Why Anthony Albanese now wants higher paid workers to take wage cuts in real terms – while backing unions calling for a 7 per cent increase for lower wages over the minimum wage
- The government only wants low-wage wages to keep up with inflation
- The ACTU wants a seven percent increase in the minimum wage
And Anthony Albanese’s Labor government says big pay increases should only be for the lowest wage earners – and the higher paid workers may need to take an effective pay cut.
They support union calls to raise the minimum wage in line with inflation by seven percent to $22.88 an hour in the annual review by the Commission on Fair Work.
But they warn that people who are paid better shouldn’t also expect to get an automatic wage increase to keep up with inflation, and may be forced to cut wages in real terms instead.
The latest cost of living figures reveal that inflation has fallen from a 32-year high of 7.8 percent in December to 6.8 percent in the year to February.
The Labor government of Prime Minister Anthony Albanese is now proposing that higher-wage workers who are not on minimum wage should continue to receive inflation-less wage increases (the PM is pictured live with girlfriend Jodi Haydon)
The government, in its submission to the Fair Work Commission’s annual wage review, endorsed calls for a minimum wage to catch up with inflation.
But they opposed giving each worker a wage increase commensurate with the cost of living, and said their main focus was on increasing low wages.
“It will be important for the commission to balance all risks while ensuring that the real wages of low-wage workers do not decline,” she added.
This does not suggest that, across the board, wages should automatically increase with inflation, nor should inflation be the only consideration in determining wages.
The current economic conditions are exceptional, difficult and expected to be temporary.
“The approach recommended by the government is specifically about low wages in a macroeconomic context.”
Senior Labor figures, including Chancellor of the Exchequer Jim Chalmers, have disputed RBA Governor Philip Lowe’s assertion that generous wage increases versus low wages could lead to a wage price spiral.
The Australian Council of Trade Unions is pushing for a 7 per cent wage increase, while the Australian Chamber of Commerce and Industry wants to cap it at 4 per cent, including a 0.5 percentage point increase in the compulsory pension starting on July 1.
By the time Fair Work Australia makes its decision in June, the ABS could have released the more comprehensive March quarter inflation data on April 26, followed by the less detailed April monthly inflation data on May 31.

There is no downward spiral, say labor figures (pictured, a Sydney waiter).
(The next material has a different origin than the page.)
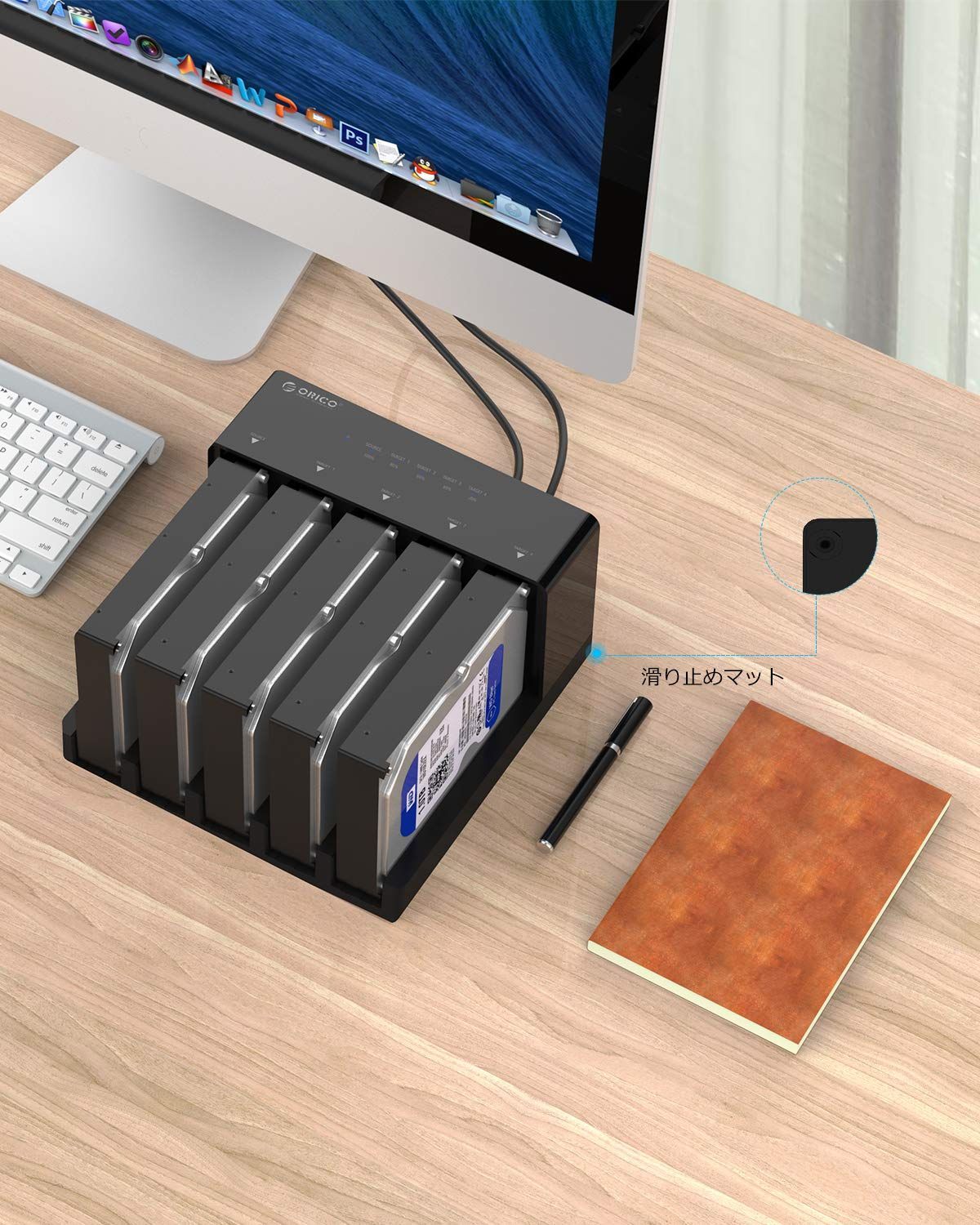ORICO ハードディスクケース 2.5 / 3.5インチ HDD/SSD対応 16TB*5ベイ USB3.0接続 HDDコピー機能付き ドライブケース 工具不要 高放熱 電源アダプター付 ブラック 6558US3

But in its submission to the Fair Work Commission’s annual wage review, the federal government argued against giving every worker, other than those on minimum or low wages, a wage increase in line with inflation.
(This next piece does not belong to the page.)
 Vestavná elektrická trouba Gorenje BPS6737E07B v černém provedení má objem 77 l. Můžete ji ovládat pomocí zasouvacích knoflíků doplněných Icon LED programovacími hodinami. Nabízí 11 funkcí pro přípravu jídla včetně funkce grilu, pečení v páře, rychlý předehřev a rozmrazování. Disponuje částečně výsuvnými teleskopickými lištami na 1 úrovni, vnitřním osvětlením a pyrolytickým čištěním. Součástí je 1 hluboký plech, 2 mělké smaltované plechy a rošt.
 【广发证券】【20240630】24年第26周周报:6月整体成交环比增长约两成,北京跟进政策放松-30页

Inflation may also have abated by then, with the Reserve Bank of Australia forecasting the annualized CPI to fall 6.75 percent in March to 4.75 percent by December.
The Fair Work Commission last year awarded a pay rise of 5.2 percent to those earning the minimum wage, just above the inflation level of 5.1 percent in March 2022.
Retail workers got a pay raise on July 1, while hospitality and tourism employees had to wait until October 1.
This directly affected 180,000 minimum wage workers but had spillover effects on 2.7 million workers on bonuses.
Wages are not to blame for the rise in inflation, argued Dr Chalmers. Last year wage levels rose by 3.3 per cent, which means most workers are suffering from a decline in real wages.
But he noted that inflation remains an issue.
“While Wednesday’s monthly reading showed that inflation continues to moderate in welcome ways, it remains unacceptably high,” he said in an opinion piece for The Australian newspaper.
The government’s salary review report said that “the potential for a wage price spiral is currently low” indicating that inflation is likely to decline.
But she argued that lower-wage workers are more likely to suffer from higher inflation and therefore need a wage increase that persists.
“There are also risks associated with continued or greater-than-expected declines in the real wages of workers on the minimum wage and bonus wages,” the submission said.
“This could have a significant impact on the living standards of low-wage workers, and result in low-wage workers bearing a disproportionate burden of the macroeconomic adjustment needed to bring down inflation.”